Given that he’s fascinated by probabilities, my main principle of teaching, “Catch ’em while they’re interested!”, suggests taking this to the next level, so today we started into Bayesian probability updating. In order to do this, I had to devise a particularly simple example. Biomedical tests (a typical example) aren’t really gonna work for him. So I invented a little card game, that goes like this:

Take N ordered cards … I’ll start with 3 for these examples … so, say J Q K of the same suit. Could be 1 2 3, but I don’t want to get all confused with the numbers, so actually, I’m just gonna call them A B C. Shuffle them and lay them face down. Now, the question (hypothesis, in Bayesian terminology) is whether they have been laid out in order: ABC.  p(H) at this point is obviously 1/6 (could be any of ABC ACB BAC BCA CAB CBA) — this is our prior.

Okay, so we turn over the first card. In the easy case, it’s not an A. Intuitively, p(ABC|first<>A) should be zero, and indeed, if we use Bayes’ rule to compute p(first<>A|ABC) = 0, so the whole equation just obviously becomes zero, regardless of the other terms.

What?
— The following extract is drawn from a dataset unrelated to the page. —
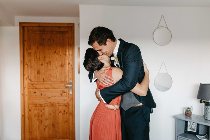 Ils sont partis ensuite en direction de l'Eglise, laissant le champs libre à Laura pour se préparer et enfiler sa robe sans risquer d'être vue. Maquillée par sa cousine, je l'admirais d'un oeil discret dans sa beauté naturelle, élégante, sans artifices. Pendant les mariages, j'aime beaucoup les préparatifs parce que ce sont des moments doux, tranquilles, le calme avant la tempête, mais il y'a toujours un mouvement de petite panique et d'adrénaline lorsqu'il faut partir, on a peur d'être en retard, d'oublier quelque chose, qui monte dans quelle voiture, etc...J'essaie toujours de prévenir les mariés que c'est normal, que ça arrive quasiment systématiquement même aux plus zens, et qu'il faut toujours essayer d'être dans le lâcher prise, se laisser porter par la vague. Pour ma Laura ça n'a peut-être pas été le moment le plus simple ni le plus agréable de sa journée, et étant sensible moi-même je ne pouvais que compatir, mais heureusement pour elle, le stress et la montée en tension n'ont pas duré éternellement et nous avons quand même pu faire une jolie découverte avec son papa, tout aussi ému ❤️

Oh, you’ve forgotten Bayes’ rule….Here you go:

p(H|D) = (p(H)*p(D|H))/p(D)

So, one more time, p(D|H) = p(ABC|first<>A) = 0, so regardless of the other numbers in the equation, the result is 0. (Assuming p(D) isn’t zero, which it never is in any real problem.)

Okay, now suppose first = A. What’s the “posterior”, that is the new p(ABC|first=A)? Now we have to ask about p(D) and p(D|H). p(D|H) = p(first=A|ABC) = 1 because it had to be an A if the hypothesis was true. Okay, so what’s p(D). Well, that’s just 1/3rd since there are three letters (ABC).

(You might be lured into thinking that P(D) is 1/2, since you’ve used up one of the letters (A), but that would be P(D|first=A), but at this stage we have all three letters. It’s common to confuse the order of explanation with the order of term evaluation in the equation! Just p(D) is unconditional at this stage, and is just the probability of the data given just the structural properties of the situation. At this stage that is all three letters, so 1/3, whereas at the next stage, it’ll be only two letters.)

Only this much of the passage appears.